In clinical labs they recieve about 10,000 specimens a day. Currently they have set up a robotic refrigerator which can hold 30,000 serum samples which get thrown out after 5-6 days. A staff member has to generate a pick list (a document sent to the source of the item where it is used to fulfill an order) for patients positive for COVID-19 one by one without interfering with clinical lab workflow. This member has to work many hours a day typing numbers and collecting specimens from this robot.  They also generate pick lists for DNA, for which they have limited time because there are only 24 hours before they are thrown out. 
     They had also been going back into the disposable bins containing thrown out samples full of all types of disease. They were looking for the yellow-capped emergency room samples, which would be used to represent people without coronavirus. They are linking the samples to the zip codes to correlate how the virus has affected certain communities. 

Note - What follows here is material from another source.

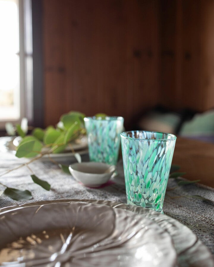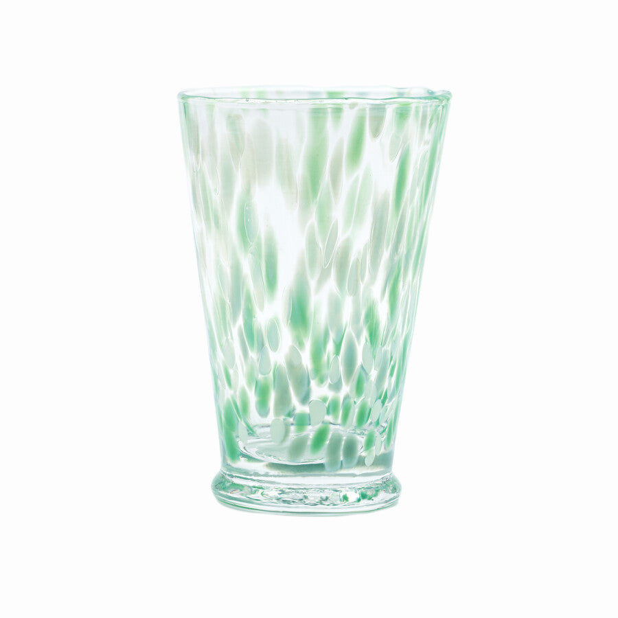 Ett tidlöst glas med en modern twist. Dessa glas, med sin traditionella venetianska design och festliga konfettistänk, tillverkas i ett litet familjeägt glashantverk som gått i arv i generationer.

     But, they have to find a way to do this without harming the staff. These samples consist of urine, nasopharyngeal (NP) swabs, blood, and many more things, with the nasopharyngeal swabs being the most dangerous considering they may contain active virus. The first week of this project was concerned with how to collect all the samples safely. They have now opened up a new space to also inactivate the samples and provide them to the research community as fast as possible.
     Now that they have the tubes, the question is how to store them. The current plan is to store plasma, serum, and urine with no additives in a separate freezer with different electrical wards. They store the buffy coat in a DNA lysis buffer. But they also need to store NP swabs and rectal swabs, and with the staff right now it is becoming difficult as they are all volunteers and not consistent. They need more permanent staff.